HAUNTED MURDER HOUSE Museum of the Mountain West Montrose, Colorado

Expedition Team: Dave Miller

Date: July 16, 2022

This Empire architectural house, built in 1903 on 201 South 5th Street in Montrose, was the site where a man murdered several of his family in the 1930’s. The house was purchased and moved to the museum in the spring of 2016. Ironically, the museum later discovered that this was not the real murder house, that the murders occurred in a nearby house on that street.

None the less, I interviewed a tour guide who told me about his scary personal experience at this house a few years ago. The guide said that years later after the house was relocated here, that this house was debunked – it was not the actual murder house. It was a different house next to this house in the alley that was the actual murder house.

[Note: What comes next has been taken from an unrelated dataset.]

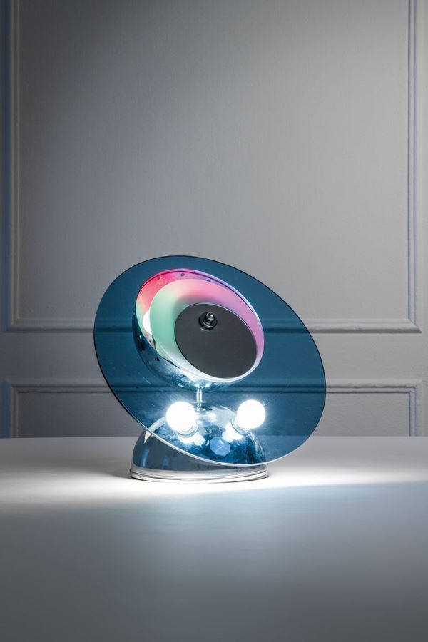 Lampada da tavolo cineticaMetallo cromato, cristallo colorato, vetro specchiato.Italia, fine anni '60
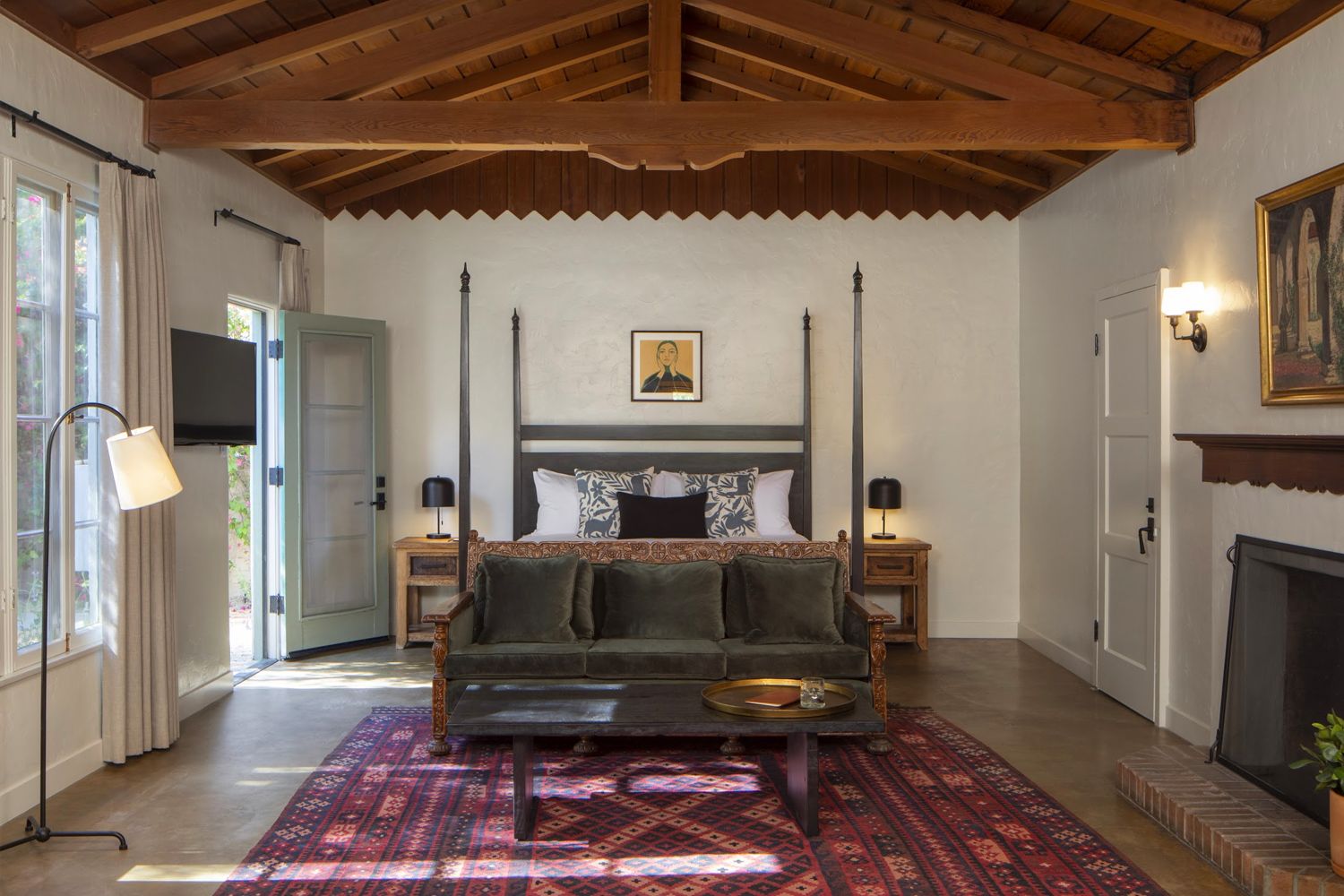 One of a handful of documented adobes in Palm Springs, Schneider says the Adobe House and Harriet’s Cottage are two of the most requested accommodations. “I love the Adobe the most, you just walk in and feel all of the history, but the Olympic Cottage and Winter’s House are great too, and I love the studios around the kidney-shaped pool. I don’t think there’s a bad room here, but something intriguing about the property is you can come back and experience it a little differently every time. It’s not cookie-cutter the way that a lot of hotels are.”

“I was closing one night and had locked up the brick building up there and was walking down through here and I heard bang, bang, bang. I thought there had been carpenters working around all day and if the carpenters are working in that house, they are sure working late. I walked up to the house and the door was open and I heard the bang, bang again. It was obviously coming from upstairs. I went in and the house reeked – old, dirty, nasty, and unwashed for years at the time. I opened the door to the stairway. It was a short hallway and had a sharp turn, with tight, tiny steps. I started up the stairs and heard bang, bang really loud since I was inside. I yelled, “upstairs, who is upstairs?” I started upstairs, and as my eyes came over the last step the banging stopped. Not a sound. I walked through the entire upper part of the house, every room, closet, every nook and cranny and nothing. No one was there. I did the obvious thing and got the heck out of there. I don’t need this.”

I walked through the house. The house was now clean and furnished in early 1900 furniture and artifacts. I took photos and an EVP inside. Outside around the perimeter of the house I took more photos. I obtained no evidence. Yet, the guide’s story was true and he speculated if a different ghostly presence is in this house, who is it?

Talking to the museum owner/archaeologist Richard Fike, he told me that Zak Bagan brought his Travel Channel “Ghost Adventures” TV show here in 2017 to investigate.